Adèle ist Mitte dreißig und lebt mit ihrem Mann und ihrem
dreijährigen Sohn in Paris. Ihr Mann ist Arzt in einem Krankenhaus und verdient
gut, sie selbst ist Journalistin bei einer Zeitung. Nach außen hin führt sie
ein perfektes bürgerliches Leben, das sie um keinen Preis verlieren will. Ihre
Bekannten würden sie als eher schüchtern beschreiben. Daneben aber führt sie ein
Doppelleben, lebt ihr wahres Ich aus, wie sie es empfindet. Sie ist angeödet
von ihrem langweiligen, spießigen Leben. Ihre Ehe war eine Vernunftheirat,
ebenso wie das Kind. Dazugehören und Beachtung finden wollte sie, damit alles
gut wird. Also hat sie wahllosen und brutalen Sex mit Fremden. Es können
äußerlich abstoßende Männer sein, eine schnelle Nummer an einer Hausecke oder
in einer Toilette, Journalisten, die sie zufällig und betrunken bei
Auslandsreportagen kennenlernt oder sogar Bekannte, die auch ihr Mann kennt.
Unbekannt muss es sein, schmierig, wild, animalisch, sie will gezwungen werden.
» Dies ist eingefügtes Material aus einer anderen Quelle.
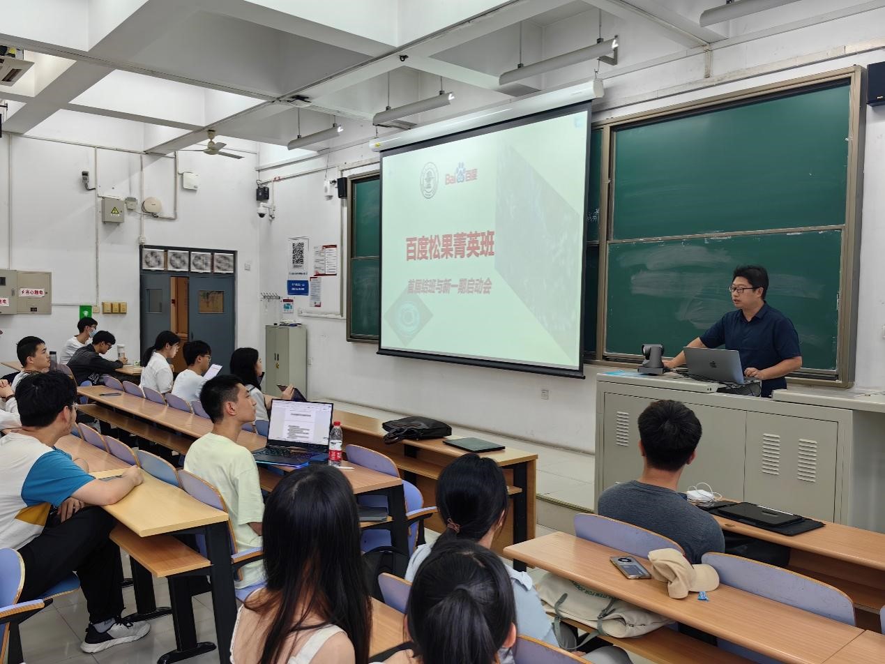 2023年7月1日下午,计算机与信息技术学院联合百度公司,在思源西楼201教室,面向第一节松果菁英班同学和2022级本科生,成功召开了2023今年会官网-百度松果人才培养菁英班结课和纳新仪式。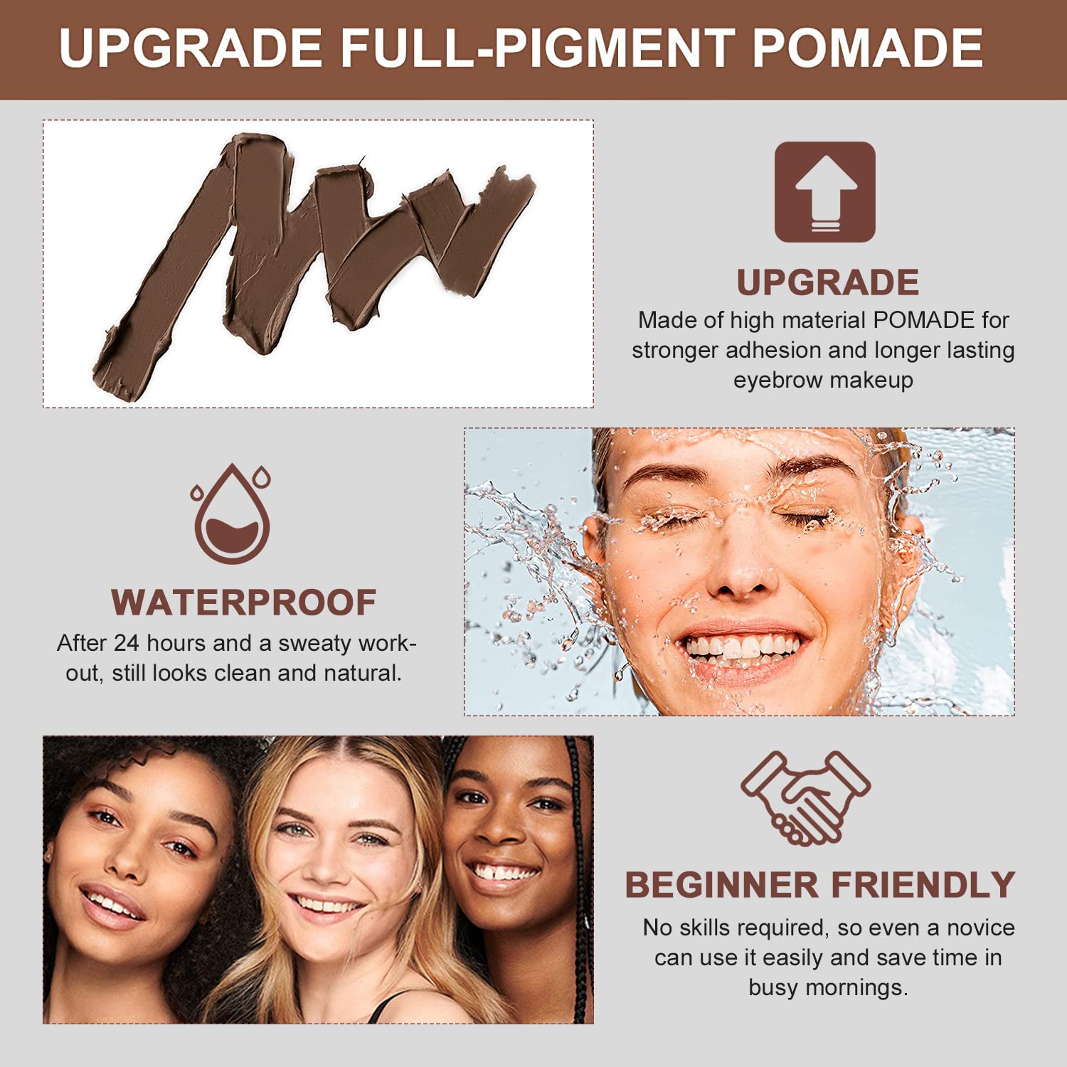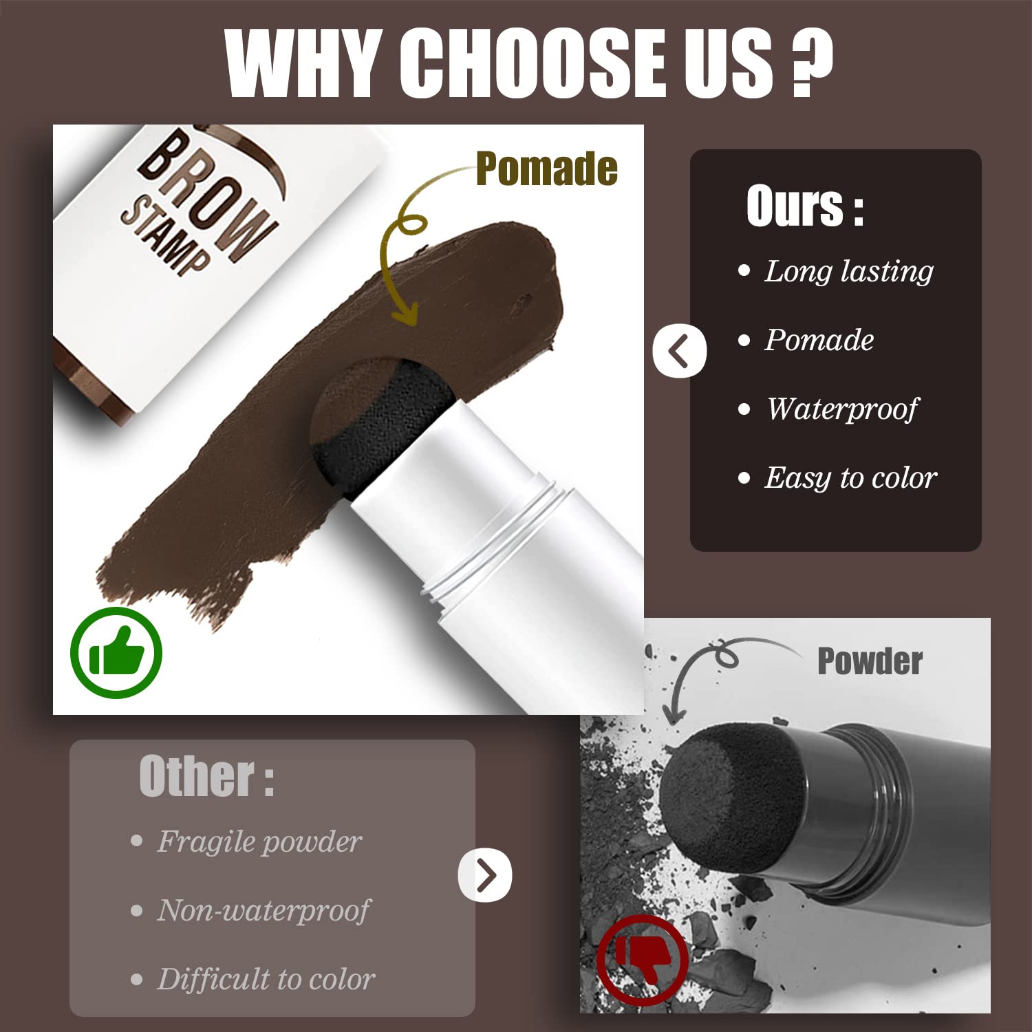 • 【WATERPROOF & LONG-LASTING】Unlike other eyebrow stamp (made of powder) , our durable eyebrow stamps are made of high material POMADE for stronger adhesion and longer lasting eyebrow makeup, more waterproof and sweatproof than normal eyebrow powder. After 24 hours and a sweaty workout, still looks clean and natural. When you are ready to take them off, simply wipe clean with your favorite make-up remover.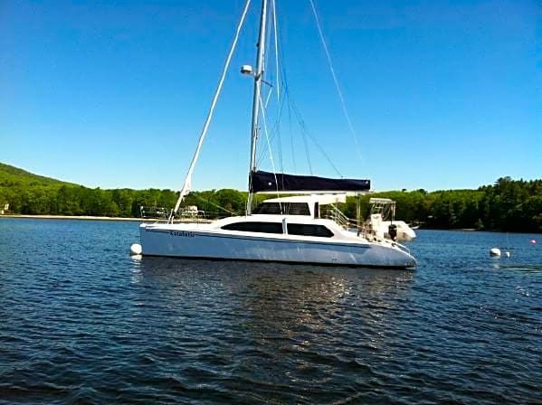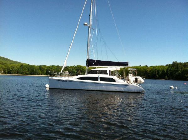 Dimensions Hull Type: Catamaran Twin Mini Keels Rigging Type: Fractional Sloop LOA: 35' 6" / 10.82 m LWL: 34' 2" / 10.41 m Beam: 19' 5" / 5.92 m Underwing Clearance: 2' 5" / 0.75 m Upwind Sail Area: 661.00 ft2 / 61.41 m2 Draft (max): 3' 3" / 0.99 m Displacement: 10,500 lb / 4,762 kg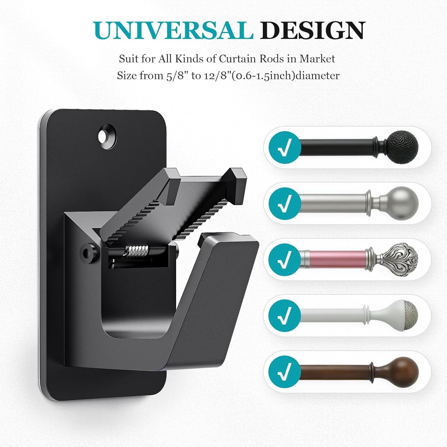 - ăNail Free Curtain Rod HooksăCrafted with premium waterproof material and anti-slip spring lock, securely holds 5/8"-1.5" rods. Black finish blends with modern bathrooms/bedrooms/kitchens decor.

Danach verliert sie schnell das Interesse an den Männern.
„(…) eingezwängt zwischen ihrer Mutter und dem Mann, die sich schlüpfrige Blicke zuwarfen, empfand Adèle zum ersten Mal diese Mischung aus Angst und Lust, aus Abscheu und sexueller Erregung. (…) Niemals, weder in den Armen der Männer noch bei ihren Spaziergängen auf demselben Boulevard Jahre später, hatte sie je wieder dieses magische Gefühl, das Niedere und das Obszöne, die bourgeoise Perversion und das menschliche Elend so mit der Hand greifen zu können.“ (S. 68)
Im Laufe des Romans erfährt der Leser ein wenig davon, was
zu Adèles Verhalten geführt haben mag. Dies soll hier nicht vorweg genommen
werden. Es wird deutlich, dass Adèle alle möglichen Arten von Suchtverhalten
hat und daraus jeweils den Kick sucht, nur um sich selbst zu spüren, das Alte abzuschütteln,
der Realität zu entfliehen. Sie trinkt zu viel, raucht ständig, lebt am Rande
der Magersucht und ist sexsüchtig. In den Süchten erlebt sie den
Kontrollverlust, den ihr bürgerliches Leben nicht erlaubt. Sie fühlt sich
einsam und scheint sich durch das Verlangen nach sexueller Gewalt selbst
bestrafen zu wollen.
Wer nun meint, Adèle sei damit eine Ausnahmeerscheinung
unter den Frauen, sollte nicht zu schnell urteilen. Denn Adèles Gefühle haben
viele Frauen – sicher auch Männer -, leben diese aber in anderer Form aus. Manche
Menschen ritzen sich, andere nehmen Drogen, um sich zu betäuben, und Süchte
gibt es viele, etwa Spielen, Internet oder Essen. Manche davon sind leichter zu
verbergen als Adèles Sexeskapaden. Die Frage dahinter ist schwer zu
beantworten: Wie lebt man denn echt? Wie kann ich gesellschaftlich akzeptiert
und trotzdem wirklich ich sein? Wie gehe ich mit schlimmen Erfahrungen und
negativen Gefühlen um, ohne mir selbst zu schaden? Adèle und ihr Mann sind sprachlos.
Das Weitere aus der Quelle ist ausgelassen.